MATERIALS AND METHODS

This was a prospective in vitro analysis to assess recovery and TTD of E. coli or K. pneumoniae in BacT/Alert FN Plus anaerobic and Bactec Plus anaerobic/F resin-containing blood culture bottles inoculated with clinically meaningful peak, midpoint, or trough concentrations of cefepime, cefazolin, imipenem, levofloxacin, meropenem, and piperacillin/tazobactam. The institutional review board (IRB) at Hartford Hospital (Hartford, CT, USA) reviewed and approved the study. Written informed consent was obtained from healthy volunteers before donating whole blood for the study.

Antibiotics.

Commercially available formulations of meropenem (Fresenius Kabi USA, Inc., Lake Zurich, IL), imipenem (Fresenius Kabi USA, Inc., Lake Zurich, IL), cefazolin (Sagent Pharmaceuticals, Schaumburg, IL), cefepime (WG Critical Care, LLC, Paramus, NJ), levofloxacin (Aurobindo Pharma LTD, Telangana, India), and piperacillin-tazobactam (Fresenius Kabi USA, Inc., Lake Zurich, IL) were obtained through Cardinal Health (Dublin, OH) and reconstituted according to their package inserts.

Bacteria.

E. coli ATCC 25922 and K. pneumoniae ATCC 13883 were obtained from American Type Culture Collection (ATCC, Manassas, VA). Isolates were frozen on skim milk, stored at –80°C until use, subcultured two times on 5% blood Trypticase soy agar, and incubated at 37°C overnight before each experiment. MICs were determined in triplicate using Clinical and Laboratory Standards Institute (CLSI) broth microdilution, and susceptibility categorization was assigned based on published CLSI and European Committee on Antimicrobial Susceptibility Testing (EUCAST) breakpoints (15, 16).

Blood culture bottles.

BacT/Alert FN Plus anaerobic and SN standard bottles were provided by bioMérieux, Inc., (Durham, NC) and tested in the Virtuo BacT/Alert detection system in the Center for Anti-Infective Research and Development (CAIRD) laboratory at Hartford Hospital. Bactec Plus anaerobic/F and standard anaerobic bottles (Becton Dickinson and Company, Franklin Lakes, NJ) were purchased from the manufacturer and tested in the BD Bactec FX detection system located in the Hartford Hospital clinical microbiology department.
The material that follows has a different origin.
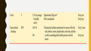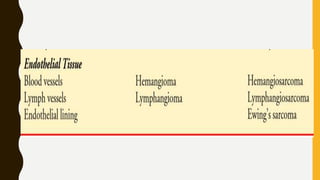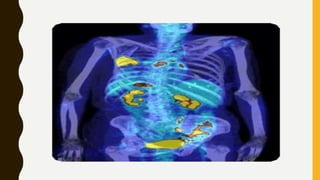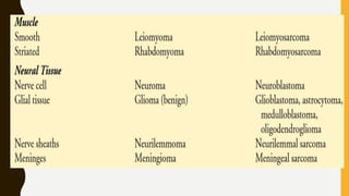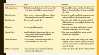 This document provides an overview of oncological disorders including definitions, characteristics of benign and malignant tumors, and imaging tests used for early cancer detection. Cancer is defined as an abnormal growth of cells that proliferate uncontrollably and can metastasize. Benign tumors tend not to spread, grow slowly, and do not require aggressive treatment, while malignant tumors can spread rapidly and require surgery, radiation, or chemotherapy. The American Cancer Society recommends various screening tests including blood tests, MRI, CT scans, ultrasound, and PET scans to detect cancers early based on tissue type and organs.

Blood culture bottle preparation.

Fresh whole blood was collected from healthy adult volunteers and pooled on the first day of each experiment. Antibiotics were then introduced into the pooled blood to achieve the mean peak, midpoint, or trough plasma concentrations observed in published studies concerning critically ill patients (10). Four bottles (2 BacT/Alert FN Plus anaerobic and 2 Bactec Plus anaerobic/F bottles) were prepared for each organism-antibiotic concentration combination. If growth was detected in the resin-containing bottles, two of the applicable manufacturers’ resin-free bottles (BacT/Alert SN and Bactec standard anaerobic bottles) were also prepared. Combinations that remained negative in resin-containing bottles were assumed to not produce detectable growth without the presence of resin and were therefore defined as “no growth.”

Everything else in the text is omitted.